Передача культурного своеобразия художественного произведения представляет собой одну из важных проблем переводческой деятельности. Современные исследования в области лингвокультурологии и межкультурной коммуникации обогатили теорию перевода новыми идеями в вопросах транспонирования эксплицитных и имплицитных смыслов исходного текста в текст перевода. Асимметрия между культурными знаками исходного и переводящего языков актуализировала понятие лингвокультурного компонента, включающего в себя знание национально-маркированных языковых единиц (реалий, фоновой и коннотативной лексики), грамматических и стилистических норм, доминантных особенностей коммуникативного поведения, а также культурных концептов и их презентации в языке.

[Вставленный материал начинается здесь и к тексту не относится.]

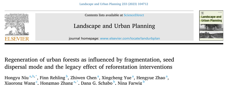 华大生科讯(通讯员 张洪茂 牛红玉)日前,城市研究领域TOP期刊 Landscape and Urban Planning发表了我校生命科学学院张洪茂教授、牛红玉副教授团队关于城市森林群落木本植物多样性维持机制的研究成果(Regeneration of urban forests as influenced by fragmentation, seed dispersal mode and the legacy effect of reforestation interventions, https://doi.org/10.1016/j.landurbplan.2023.104712)。生命科学学院牛红玉副教授为论文的第一和并列通讯作者,张洪茂教授为通讯作者,硕士研究生陈治文、岳星程、赵恒月,湖北省林业科学研究院王晓荣博士,德国马尔堡大学Finn Rehling博士、 Dana G. Schabo博士、 Nina Farwig教授为共同作者。

С.Г. Воркачев приветствует появление в переводоведении термина «транслят», по его мнению, закономерно пришедшего на смену термину «перевод», привязанного преимущественно к содержательной и формальной (стилистической) адекватности текста-оригинала и текста-перевода. Выступая посредником в диалоге культур, переводчик «должен быть как минимум «бикультурен», что позволит ему при «трансляции» лингвоконцептов сопрягать значение имен-квазиэквивалентов с их контекстуальным смыслом, причем контекст здесь стремится к бесконечности и в своем пределе может быть равнозначен контексту культуры в целом»

.

Адекватность перевода в значительной степени зависит от степени совпадения лингвокультурологических компетенций автора как носителя языка, на котором создан первичный текст, и переводчика как представителя другого языка и культуры. Данный подход основывается на самом определении художественного текста, который Л.Г. Бабенко рассматривает как «словесное художественное произведение, представляющее реализацию концепции автора, созданную его творческим воображением индивидуальную картину мира, воплощенную в ткани художественного текста при помощи целенаправленно отобранных в соответствии с замыслом языковых средств (в свою очередь также интерпретирующих действительность), и адресованное читателю, который интерпретирует его в соответствии с собственной социально-культурной компетенцией»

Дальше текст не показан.